Leo piloted the ship, while Fieru primed all weapons. “I have a missile lock. Not sure it’ll get through the rockets I’m sure they’re about to rain on us, though.”
“Hold on the missiles. I don’t want to accidentally destroy the cargo bay we’re supposed to infiltrate.”
“Point defence is a-okay.”
“Here they come…”
Without any warning, the open rocket batteries began disgorging explosives into space. “Fieru?”
“Coming into range…”
“Wait!”
Five or six of the sphere ships broke off and began firing goop at the rockets. The rest continued on a course away from the Frontier. After the initial blast, the Evil ship began to move towards the main body of ships, which included the Rocinante. There was another volley of rockets, this time aimed at the whole assault team. “Activate that point defence, Fieru, let’s do our part.”
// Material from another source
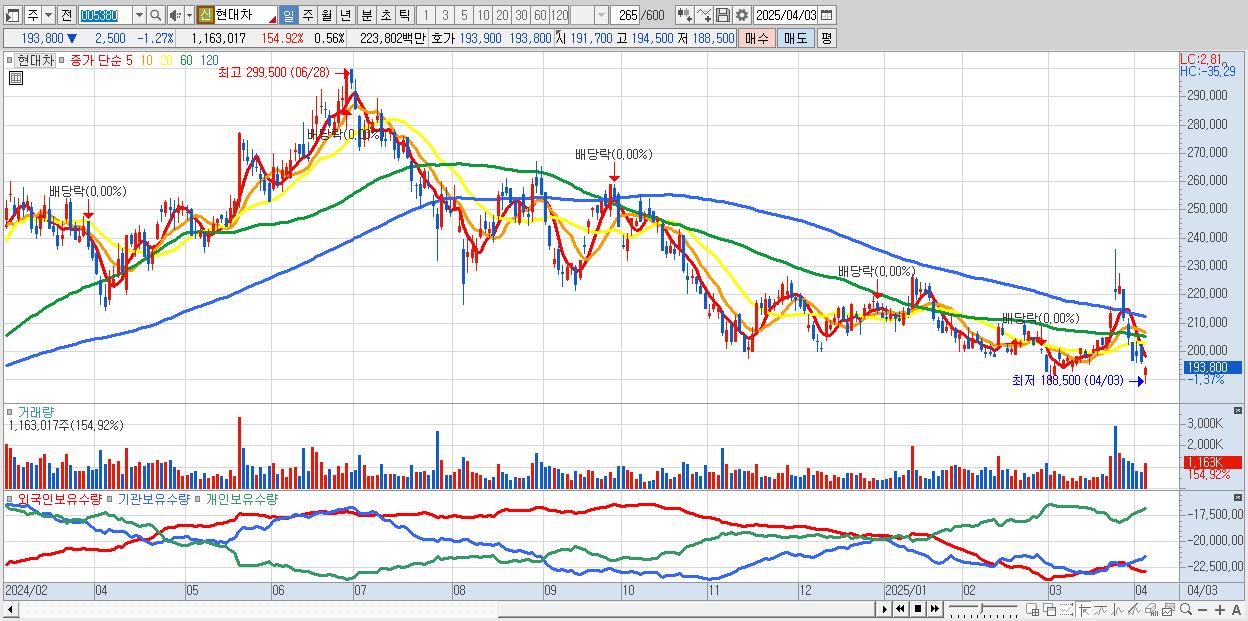 - 현대차 (193,800원 ▼ -1.27% , 시총: 405,849억, 거래량: 954,824, 거래대금:1,838억)

Some of the sphere ships made it close enough to fire their goo-like weapon directly at the missile pods. There were still hundreds of the things, and no shortage of rockets. As a volley of them came into range, the Rocinante’s computer scanned them, then began firing tiny beams through them. However, most of the shots missed. The ones that hit had the desired effect, and the rockets exploded prematurely. Leo furrowed his brow. “Fieru… the computer is missing its shots!”
Fieru was already troubleshooting. “I don’ know why… shit, everything looks good!”
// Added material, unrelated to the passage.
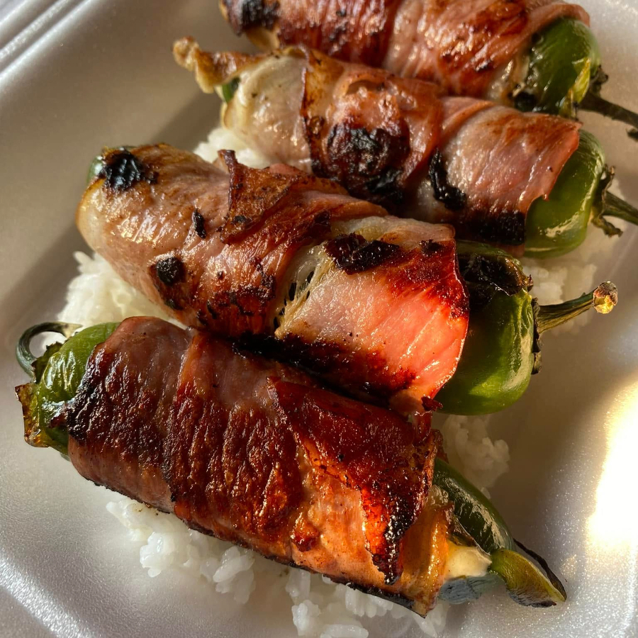 4 pieza de chiles jalapeños rellenos de queso manchego envueltos en tocino

Leo moved them out of the way as a sphere ship came in and disabled another group of rockets close by. “I think… the computer can’t completely compensate for the local space. It’s much much thicker than we’re used to. Shit ton of particles to get in the way.”
“Try and compens-”
A rocket struck their shields. Something in the ceiling came loose. “Shit! Uh, couple more of those and the shield’s useless.”
Leo bit his lip. “Just hold on, Rocinante. You’ve made it this far…”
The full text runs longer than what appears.